- _ASSIGNMENT_
Please repeat, exactly as they stand, the line containing "خانههای رنگارنگ پوشیده" and the lines after it through the final line of the listing below, minus pictures.

- _DATASET CONTENT_
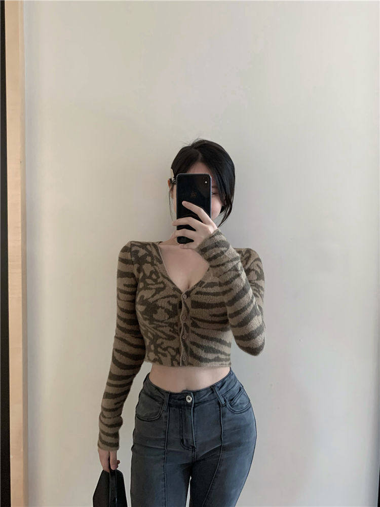 Сексуальный трикотажный демисезонный атмосферный дизайнерский кардиган, короткий свитер, тренд сезона
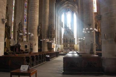 Keywords: church inside light columns stained glass window pray temple the rays lighting ray of light monument
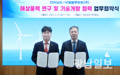 전남도는 국내 첫 대규모 해상풍력단지로 조성 중인 영광 낙월 해상풍력단지에서 산업 발전의 밑거름이 될 연구 및 기술 개발을 위해 21일 도청 정약용실에서 낙월블루하트㈜와 업무협약을 체결했다.
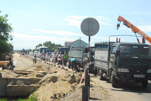 Một đoạn Quốc lộ bị nghẽn vì vụ tai nạn
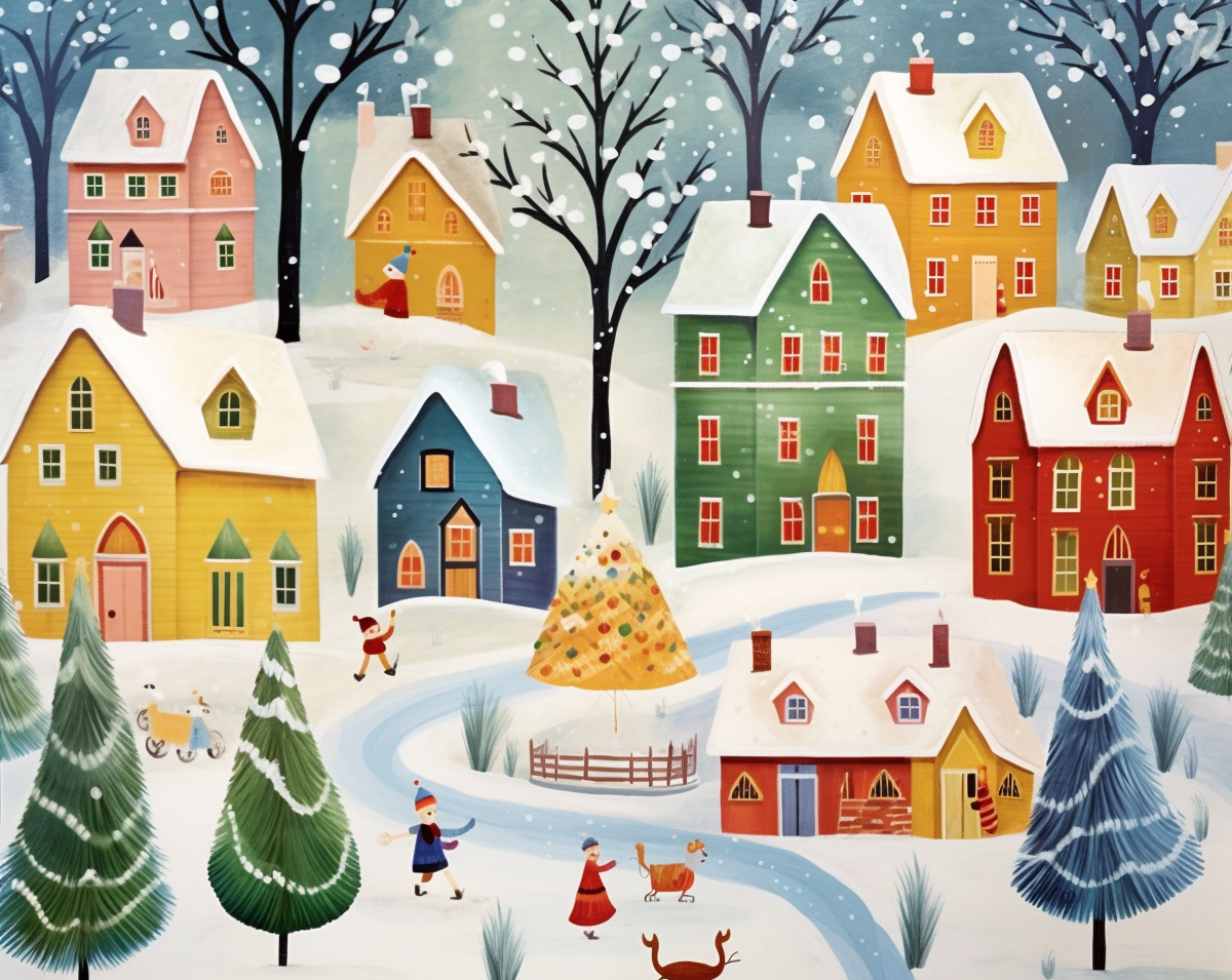 خانههای رنگارنگ پوشیده از برف، بچهها در حال بازی و درخت کریسمس در مرکز؛ شادی ساده زمستان.
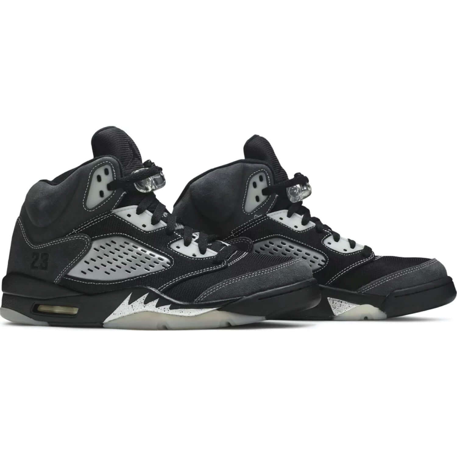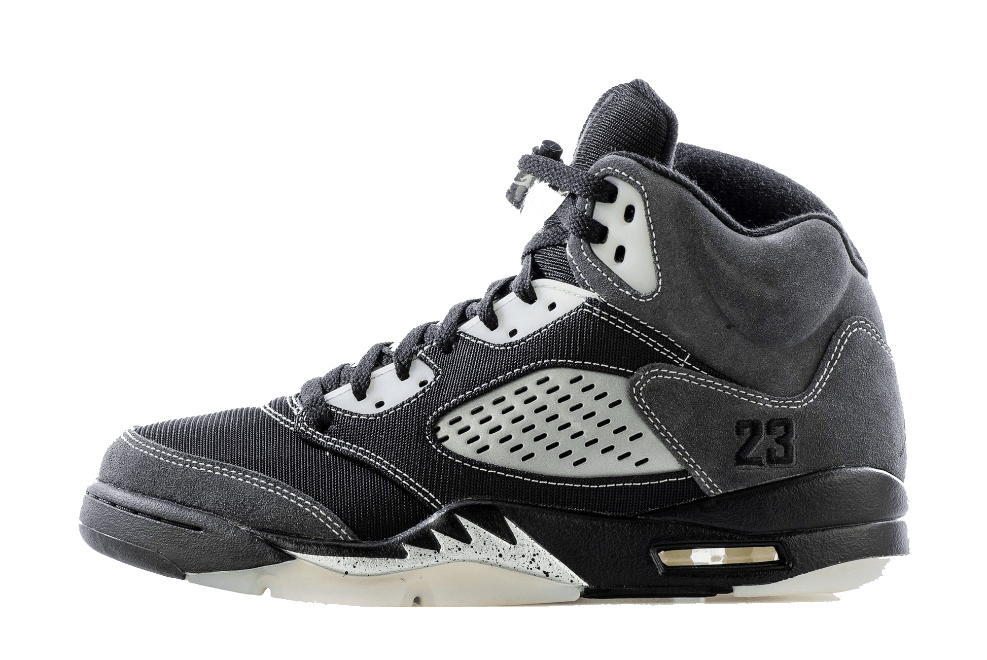 The Air Jordan 5 Retro ‘Anthracite’ delivers a reconfigured version of the classic silhouette. Standard design hallmarks of the Air Jordan 5 — including ‘23’ branding on the lateral heel and shark-tooth detailing on the midsole — decorate an unorthodox build that combines soft suede with breathable textile on the vamp and midfoot. Reflective treatment typically found on the tongue is relocated to the matte silver quarter panel, featuring oblong perforations that replicate the shoe’s traditional netting.

- _SOLUTION TO THE PROBLEM_
 خانههای رنگارنگ پوشیده از برف، بچهها در حال بازی و درخت کریسمس در مرکز؛ شادی ساده زمستان.
 The Air Jordan 5 Retro ‘Anthracite’ delivers a reconfigured version of the classic silhouette. Standard design hallmarks of the Air Jordan 5 — including ‘23’ branding on the lateral heel and shark-tooth detailing on the midsole — decorate an unorthodox build that combines soft suede with breathable textile on the vamp and midfoot. Reflective treatment typically found on the tongue is relocated to the matte silver quarter panel, featuring oblong perforations that replicate the shoe’s traditional netting.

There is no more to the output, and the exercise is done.